Users behaving badly
Surescripts began looking at user behaviors and credentials three months ago.
"That's where things move more into unstructured data," said Surescripts' Calatayud.
To get the data analyzed, Calatayud is looking at an analytics platform from Gurucul, which specializes in identity access intelligence and user behavior analytics.
"They can slice up the data to specifically address my use cases," he said. "And it allows us to leverage industry expertise rather than trying to build up core competencies and strategies that might not become directly revenue opportunities.
According to Verizon, attackers use compromised user credentials more frequently than any other weapon in their arsenals. But it can be hard to tell if a particular user account is used legitimately by the actual employee, or by an intruder.
This is especially the case when the malicious behavior is only slightly out of the norm for that account, and when the enterprise is large, and there are a lot of accounts to monitor.
"Hackers are using good user credentials as a way to infiltrate organizations and a lot of the products on the market right now would not catch that," said Eric Schou, director of product marketing for HP's enterprise security products groups.
To help with this, HP released a user behavior analytics product this spring at the RSA conference.
The technology can identify typical user behavior patterns in order to spot unusual behaviors, but can also be programmed with rules based on access policies for particular groups of employees.
For example, he said, if a user from the marketing department is logging into Oracle Financials, that could be in violation of a policy and send up a red flag.
He warned, however, that employees will often do unusual things for legitimate reasons. "It might just be behavior that's out of the norm, but not malicious."
It's not just people who can behave badly.
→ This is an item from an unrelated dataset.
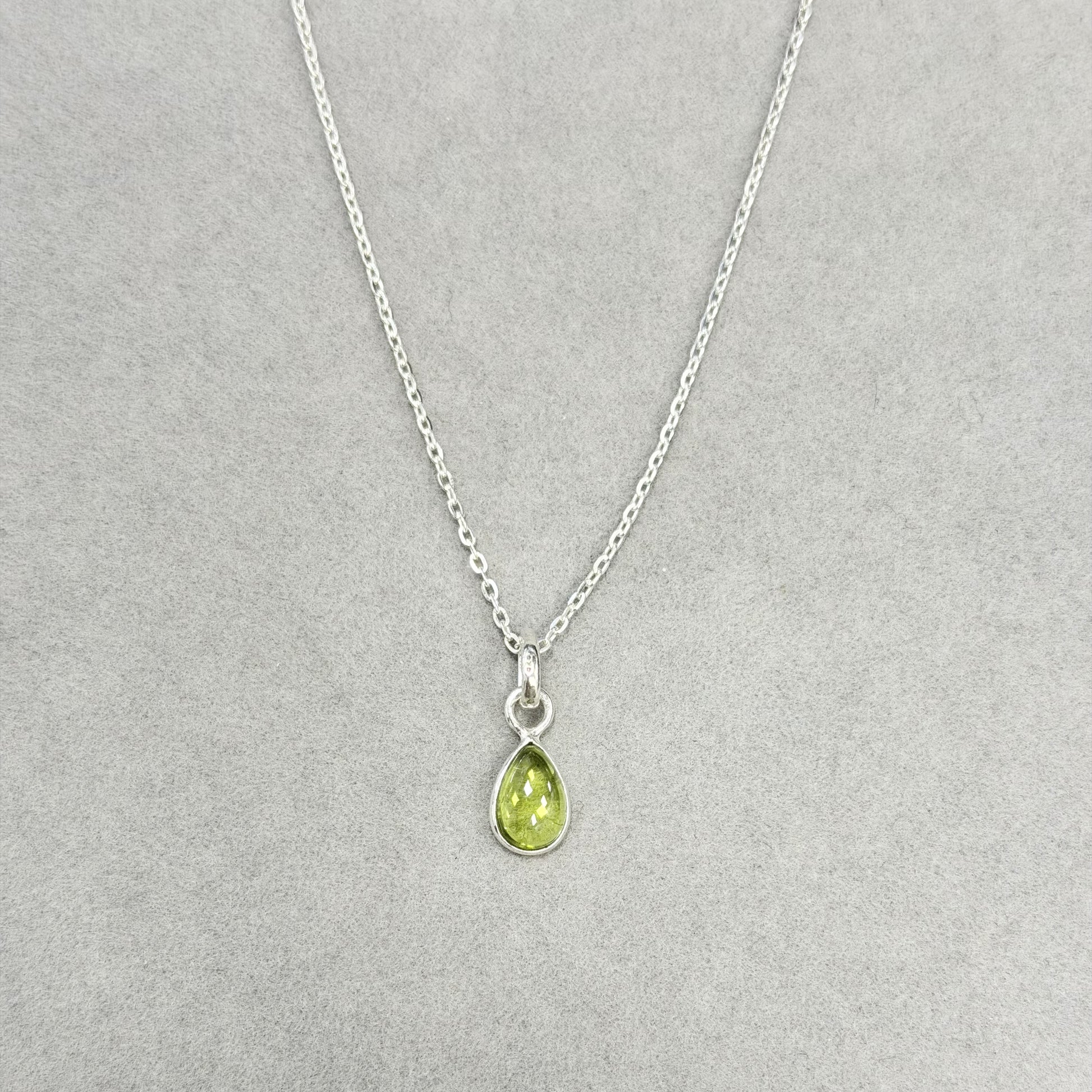 Sidabrinis pakabukas su lašo formos peridotu ir grandinėle

Similar technology can be used to identify normal behaviors of individual endpoints, and recognize when they're doing something suspicious.
"Previous efforts in security analytics were unable to meaningfully represent the expected and normal behavior for connected endpoints," said Bryan Doerr, CEO at Observable Networks, one of the vendors offering this technology.
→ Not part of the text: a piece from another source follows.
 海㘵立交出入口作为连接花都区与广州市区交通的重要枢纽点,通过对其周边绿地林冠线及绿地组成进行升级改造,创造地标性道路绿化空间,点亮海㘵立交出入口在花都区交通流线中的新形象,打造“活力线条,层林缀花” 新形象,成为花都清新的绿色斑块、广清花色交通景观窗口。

That challenge has only been getting harder, he added, as the number of endpoints has been growing along with the amount of data they generate that companies can now store.
"Our big idea was to use the data avalanche as inputs to a modeling process," he said. "We use all this rich data about endpoints to maintain models of their behavior, so that we can recognize when they do things they should not do."
This is all new territory, said Sriram Ramachandran, CEO at analytics vendor Niara.
"It has been a challenge to make the whole thing work seamlessly as a product," he said, and it's been holding back adoption.
"Getting all the information and putting it into elastic storage -- you can do that very quickly," he said. "If you Google Alan Turing, you will get millions of results. But the panel on the right, with the summary -- that requires machine learning."